I am creating a powerpoint tool to walk my clients through the social media message-making process. If you can relax for just three minutes – long enough to read this post – I’ll let you know what it does:
I am a publicist. In my world, the message rules. The technology (Twitter, Facebook, LinkedIn, Flicker, YouTube, Google Analytics) is simply a tool to serve the message. Knowing about all the technical bells and whistles has as much to do with social networking as sports announcers spouting box scores have to do with winning the baseball game. In sports, it’s the athletes. In publicity, it’s the message.
Everything starts by defining your online ‘voice.’ The voice must be simple, direct and transparent. This is true of all effective publicity.
“I’ll be back.”
“What ju talken’ ’bout, Willis?”
Technology is fantastic. I listen to Irish radio live on my phone. As you know, the Irish are known for their wonderful word smithing. This morning, a news columnist who wanted desperately to keep a specific area – a remote peninsula jutting into the wild Atlantic Ocean – preserved as-is was interviewed. Her key message: “above all, no cars.” Simple, direct, transparent. Common sense, really.
She did not focus on the people and interests who want the area developed for tourism. She didn’t counter complex arguments about jobs, the economic development, politics, the environment, etc. making it a point; counter-point debate. Instead, she characterized the place as “shutting the door behind you” to enter a world of silence away from the noise of the modern world. “If you like silence, this place must be preserved. That means no cars.” No cars. That’s her catch-phrase, her mission, her message. Our job is to develop the same message simplicity for you, too.
What is your “no cars” catch-phrase? Let’s find it and use it. Remember, the message rules!
First, we need you to express your voice effortlessly in a simple of manner. Then, we add volume, lots and lots of volume. The real difficulty is keeping the transparency (honesty/authenticity). That is the first place most social media campaigns fail.
Your friends and fans, prospects and clients, strangers and nair-do-wells don’t want to read what your ad agency says you should say. Nope. They want to hear your voice. They want to know, “Hey, YOU – Cars? No cars? What do YOU think? Oh, you’re in business, too? Cool. My sister needs two of everything you got.”

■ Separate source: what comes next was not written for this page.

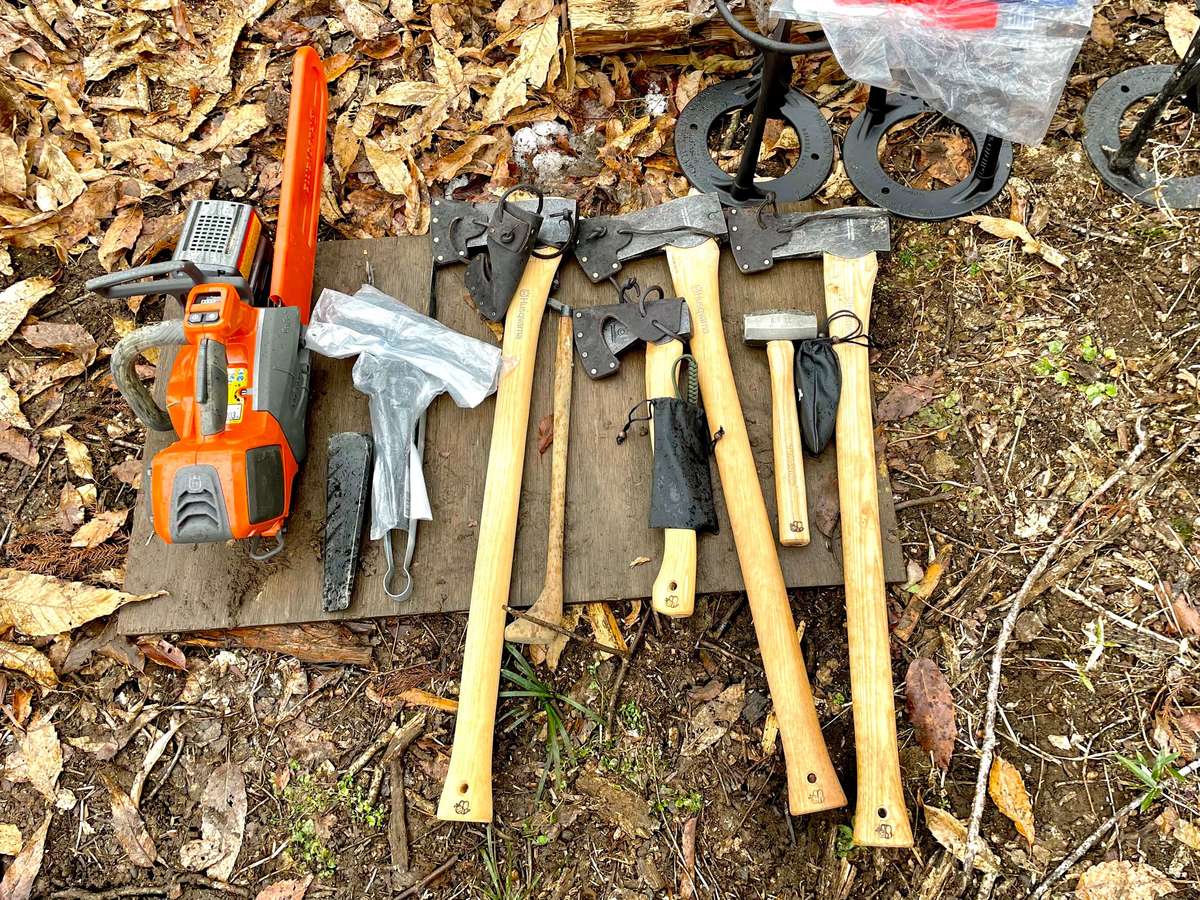 大きく足を開いて、斧を振り上げて一気に振り下ろします。狙ったところに、きちんと落とすだけなのに、想像よりもうまくいきません。 中村さん曰く、「精神集中するのがコツ」なんだそう。ご指導のおかげで、初めてでもなんとか成功!
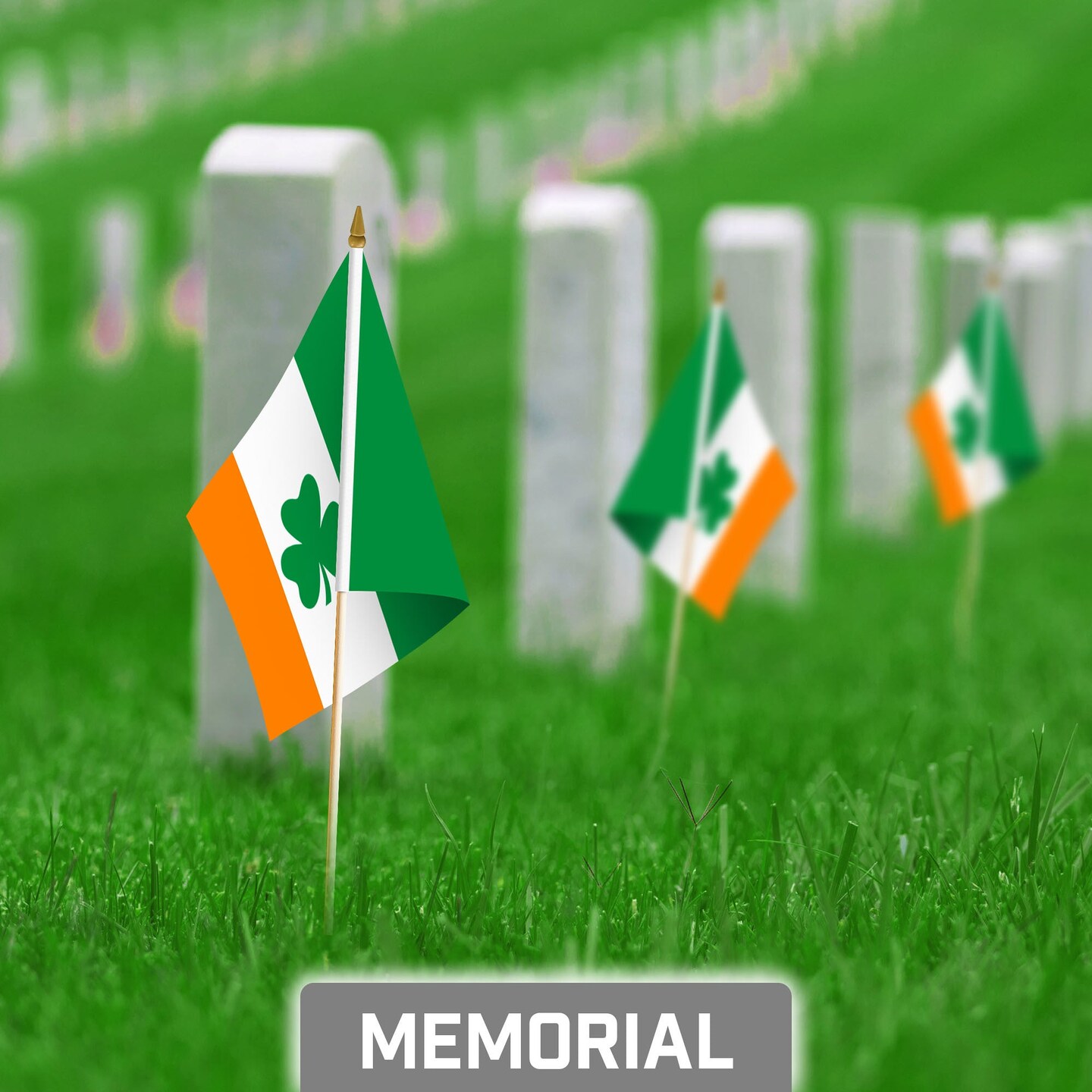 G128 24 Pack Handheld Ireland Shamrock Irish Stick Flags | 8x12 In | Printed 150D Polyester, Country Flag, Solid Wooden Stick, Spear Gold Tip

I solve the challenge of transparency by asking you up front to define the following:
- What are the three things professionally you do better than anyone else? [What makes you uniquely qualified? What is your niche in the marketplace?]
- What are the three biggest problems your best clients need solved?
- What are the three biggest problems you solve for clients best?
We use your own answers to craft three very simple general messages that reflect the values you and your little township of prospects and clients have in common. Those messages are then translated into posts using a variety of grammatical devices such as analogies, similes, examples, etc.
The posts are then linked to either your web page, your blog or something else. The idea is to:
A) Always offer genuine value
B) Be a good (social networking) neighbor
C) Engage your fans!
Every post has a link. Every post is written to offer genuine value. Every post reflects the values and priorities you have in common with your clients.
Once we have your voice defined, here’s what I do:
- Distribute your key messages cleanly using LinkedIn, Facebook and Twitter.
- Generate up to one post-per-hour (8/day – 56/wk) (can be pre-approved)
- Create a conversational mix with about 1/5th being direct sales-oriented and the rest being your key messages (see fb page as example).
Beyond, this, as we drill down, we customize to include key words (SEO), web site landing page copy, blog posts, etc. within a comprehensive/holistic communications strategy. But it all revolves around the message – your key messages.
Why not do SEO and web copy first? Why not post funny quotes and links to your site? Why not write a blog about your business. Why not? Because the message rules! We get the message nailed first. From a compelling, pithy message, all things are possible. In other words, “Is Féidir Linn!” Si se Puede! Yes We Can!